TASK REQUIREMENTS:
Find the line with "Играли в космонавтов, читали" in the records below. Output exactly from there until after the line with "Quando hai un", without pictures.

*** DATA EXTRACTS

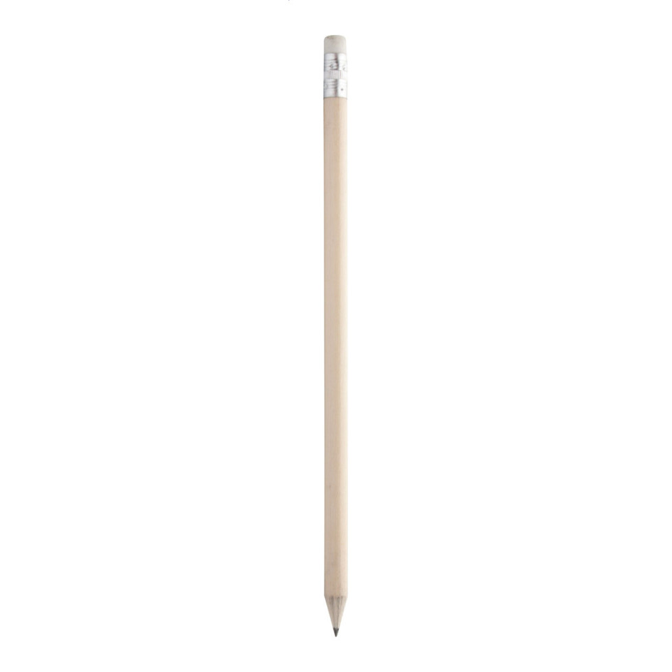 Crayon à papier beige avec gomme intégrée, muni d’une mine HB idéale pour l’écriture et le dessin au quotidien en milieu scolaire, professionnel ou lors d’événements promotionnels.
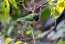 金额叶鹎是和平鸟科、叶鹎属的鸟类。体长16-20厘米。额和头顶前部金桔色,整个上体包括两翅表面草绿色。颏、喉黑色,其外围有一圈黄色,其余下体浅绿色,翼缘蓝紫色,翅上小覆羽翠蓝色。野外特征极明显,…全部>>
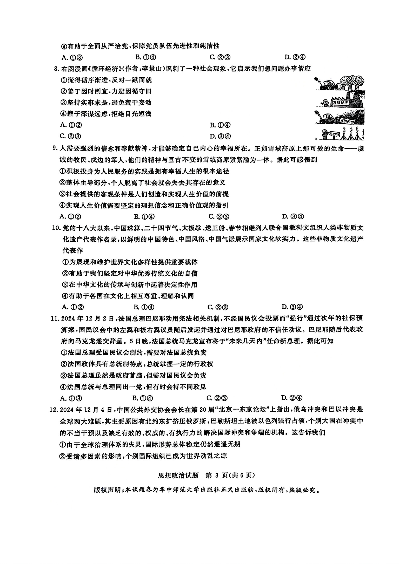 湖北华大新高考联盟2025届高三3月教学质量测评政治试题及答案.pdf
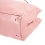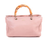 Details: Light Pink Grained Leather / Gold-Tone Hardware / Dual Bamboo Handles / Detachable Shoulder Strap / Natural Canvas Lining / Three Compartments, One with Zip Closure / Four Interior Pockets / 2 Magnetic Snap Closure
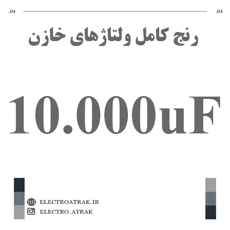 خازن (AC, DC، الکترولیت): “خازنهای الکترونیک اترک، انرژی ذخیره شده برای پروژههای شما. خازنهای AC و DC، به ویژه الکترولیت، برای کاربردهای مختلف با ظرفیتها و ولتاژهای گوناگون.”
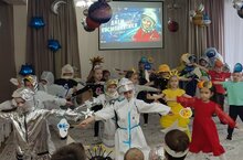 Играли в космонавтов, читали стихи, спели песню и танцевали под зведным небом.
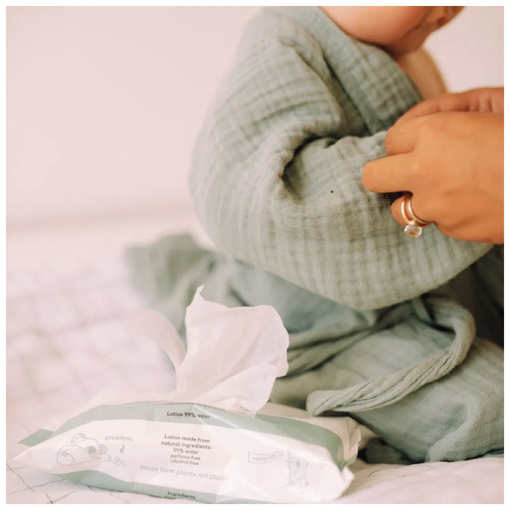 Quando hai un neonato, si consumano tantissime salviettine umidificate. È quindi importante che siano non solo delicate per il tuo bambino, ma anche con un impatto minimo sul pianeta. Senza plastica, quindi.
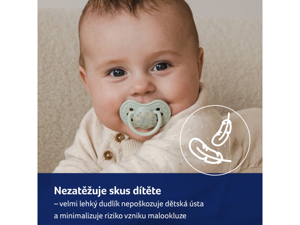 Dynamický cumlík LOVI nenarúša sací reflex bábätka, vývoj reči a zhryzu pri dodržaní ďalších ortondotických a nerologopedických odporúčaní. Cumlík je veľmi ľahký, dieťa sa pri saní nenamáha. Tvar silikónovej špičky je prispôsobený prirodzenému saciemu reflexu, silikónová časť je úzka na začiatku pri štítku a rozšírená na konci tak, aby sa špička naťahovala a sťahovala podľa rytmu sania dieťaťa. Vďaka tomu je chránený sací reflex bábätiek a sanie cumlíka nemá nepriaznivý vplyv na dojčenie. Symetrický tvar špičky vychádza z tvaru mamičkinej bradavky naplnenej mliekom, ktorá poskytuje bábätku dôverne známy pocit podobný pocitu sania z prsníka. Špička je sploštená a koniec cumlíka je tak tenký, že umožňuje dieťaťu voľne zatvárať ústa a správne pracovať ďasnami pri saní a zároveň poskytuje dostatok priestoru v ústach pre prácu jazyka, čo znižuje riziko vzniku malooklúzie a chýb reči *.*Štúdia používania cumlíkov pre neurologických klinikách v Poľsku, prevádzkovaných v rámci Národného fondu zdravia, v Katoviciach, Rzeszówe a Bydgoszczi, zahrňujúce pôrodné asistentky a rodičov, v roku 2010. davce naplnené mliekom, bábätku poskytuje podobný pocit ako u prsníka mamičky. VOĽNÉ DÝCHANIE NOSOMTvarovaný štítok pod nosom, ktorý uľahčuje voľné dýchanie a polykálne slín rovnako ako u mamičkinho prsníka. BEZPEČNÉ PRE SKUS A VÝVOJ REČIDynamická špička so splošteným koncom sa pri saní dieťaťa natiahne a poskytuje tak dostatok priestoru v ústach pre prácu jazyka a zamedzuje tak vzniku krivých zubov (malooklúzie). ZABRAŇUJE REFLEXU KÚSANIE CUMLÍKAVeľmi ľahký cumlík, ktorý nezaťažuje detské ústa a minimalizuje tak riziko vzniku krivých zubov (malooklúzia). OBĽÚBENÝ DETSKÝ CUMLÍKPotvrdené v spotrebiteľskom prieskume vykonanom na skupine 700 matiek detí vo veku 0-24 mesiacov, GfK, november 2018. ANTIALERGICKÝ Jemný silikón v cumlíku je pre bábätko na vonkajšie podnety.JEMNÝ K POKOŽKEOtvory v štítku umožňujú detskej pokožke voľne dýchať a nedráždia tak pokožku.POHODLNÝ ÚCHYTUľahčuje podanie cumlíka dieťaťu a pripevnenie na stužku alebo retiazku. PRISPÔSOBENÉ STARŠÍM DEŤOMilikonová špička cumlíka je zosilnená a tým odolnejšia proti hryzeniu. Praktické v období intenzívneho vývoja zubov a ďasien. V SETE:2 ks dynamických cumlíkov LOVIpúzdro na hygienické uchovávanie cumlíkaBPA-free Nalievanie vriacej vody Sterilizátor Nepoužívajte v mikrovlnnej rúre Nepoužívajte v umývačke riaduPre bezpečie vášho dieťaťaVAROVANIE!Pred každým použitím výrobok dôkladne skontrolujte. Ťahajte za silikónovú časť cumlíka vo všetkých smeroch. Pri prvých známkach poškodenia alebo opotrebovania materiálu ho ihneď vyhoďte. Používajte iba špeciálne stužky/retiazky na cumlíky, ktoré zodpovedajú norme EN 12586. Nikdy nepripevňujte k cumlíku iné stužky alebo šnúrky, vaše dieťa by sa nimi mohlo uškrtiť.
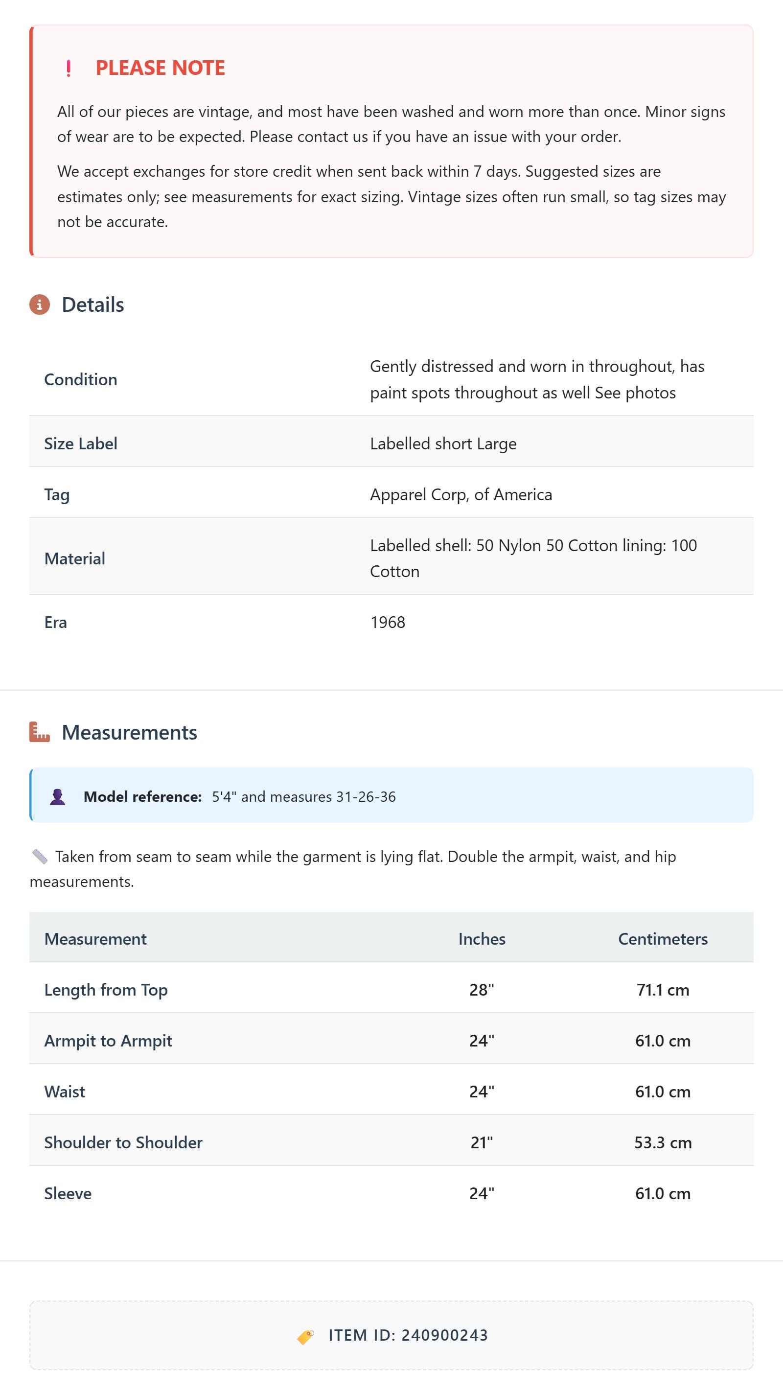 All of our pieces are vintage, and most have been washed and worn more than once. Minor signs of wear are to be expected. Please contact us if you have an issue with your order. We accept exchanges for store credit when sent back within 7 days.
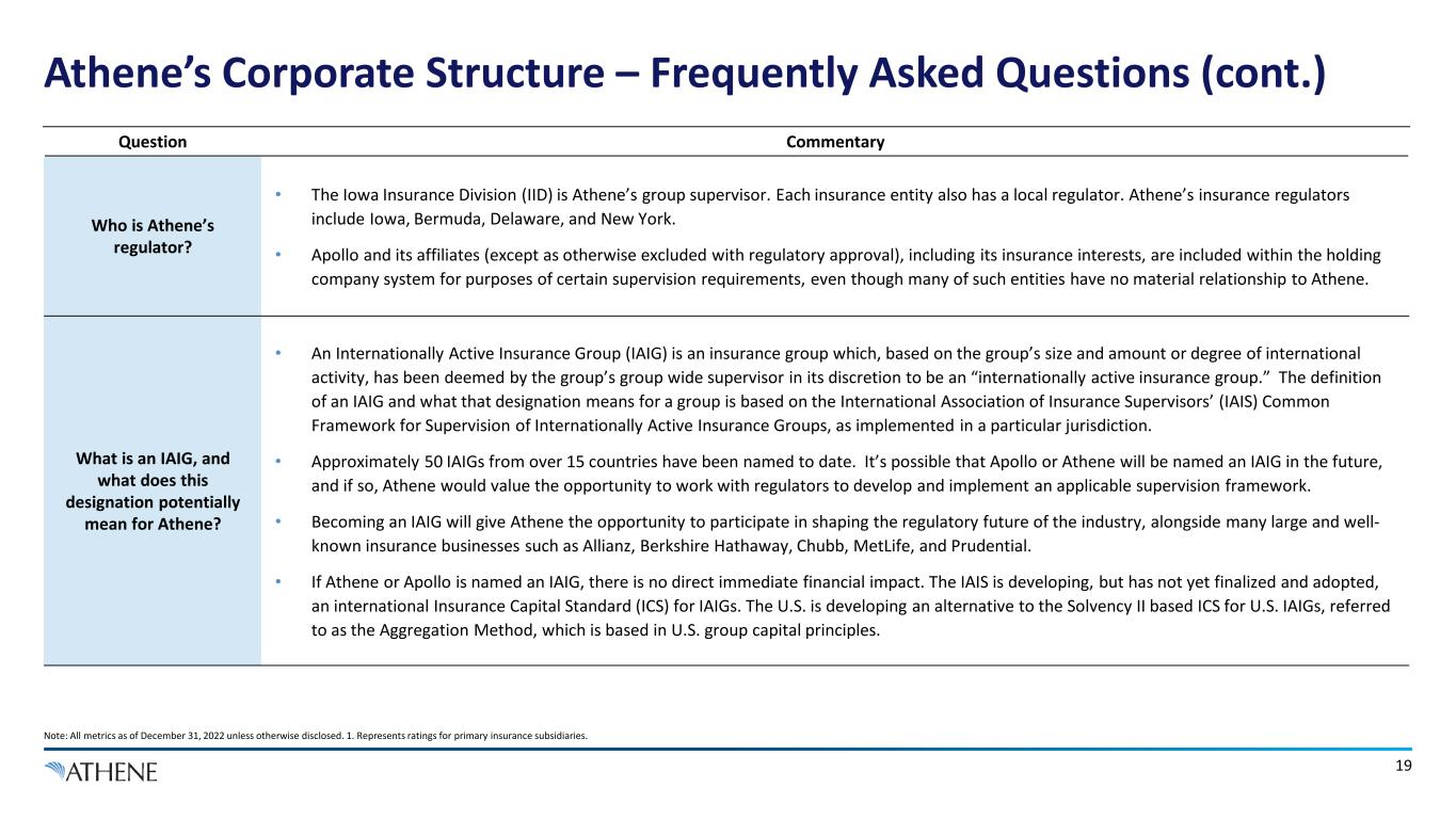 18 Athene’s Corporate Structure – Frequently Asked Questions (cont.) Note: All metrics as of December 31, 2022 unless otherwise disclosed. Question Commentary Athene pays a dividend to Apollo, can the dividend be adjusted? • Athene intends to pay regular common share dividends to its parent company of $750 million per year, consistent with its business plan. • Management, together with Apollo, periodically evaluates Athene’s business plan to ensure the amount of the common share dividend is appropriate given the competing uses for its capital and may adjust this amount depending on the need to fund these competing uses from time to time. Are there cross- guarantees between the Apollo and Athene debt and preferred stock issuances? • No, there are no such cross-guarantees between the Apollo credit group, comprised of Apollo Global Management (Holding Company) and Apollo Asset Management, and Athene Holding Ltd. Will Apollo support Athene with capital if it is needed to support policyholders? • Athene Holding Ltd. and Apollo Asset Management maintain separate and distinct credit profiles and capital structures. • While there are no such guarantees of support, Athene is a subsidiary of, and consolidated within, Apollo Global Management. Both entities, including Athene’s policyholders, collectively benefit from the strength of the fully consolidated business.

******

THE COMPLETED TASK:
 Играли в космонавтов, читали стихи, спели песню и танцевали под зведным небом.
 Quando hai un neonato, si consumano tantissime salviettine umidificate. È quindi importante che siano non solo delicate per il tuo bambino, ma anche con un impatto minimo sul pianeta. Senza plastica, quindi.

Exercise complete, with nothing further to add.